Chris Mautner has a great interview up on his personal blog with Francoise Mouly, art editor for The New Yorker and co-founder of Raw, about her new line of comics for young kids, Toon Books:
Q: Why take on all this by yourself? Why not go with one of the other big publishers?
A: Good question. (laughs)
I did go to every single publisher in town with this simple idea: comics for kids, although it’s focused. I just felt the best way to make my point was to actually make something that hasn’t actually been done, which was to make comics at the point where the child is learning to read, where the vocabulary would be looked at and controlled and the story would be appropriate for a six year old.
It’s a very hinge age, because you’re too big for picture books and you’re not fluent enough for Harry Potter.
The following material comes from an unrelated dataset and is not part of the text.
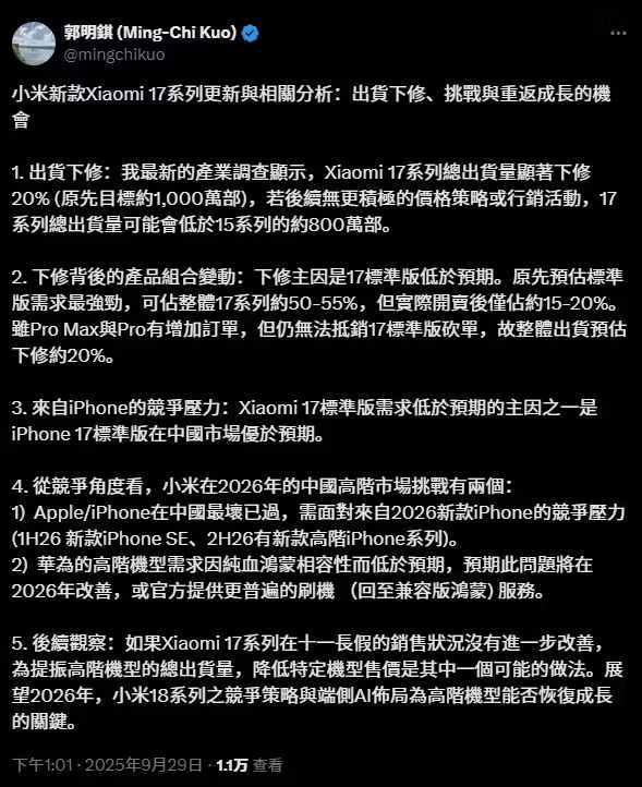 郭明錤:小米17系列出货量下调约20%,标准版需求....推荐人:丁丁小编 发布时间:2025-09-29 15:32:57

When you actually have kids you realize there aren’t that many books published for that moment because kids are not into books. They don’t know how to read. They’re a little too big to be read to so there’s a kind of giving up on this.
I wanted to do that specifically and I kept getting the same answer from every publisher that I went to: “Gee, that’s a wonderful idea. It’s beautifully executed” — which was all very flattering — “I wish we could do it but we can’t.”
Why? “Because it doesn’t exist.” There’s no slot for it, there’s no section for it in the bookstore. There’s no section in the library. The CEO of one of the major publishing companies explained to me, to create a new category in the book store, it’s not that it can’t be done but it takes hundreds of thousands if not millions of dollars to create a new kind of format. They weren’t willing in 2003-5 to invest that kind of money.
The first three books — Benny and Penny in Just Pretend, Otto’s Orange Day and Silly Lilly and the Four Seasons — are due this week.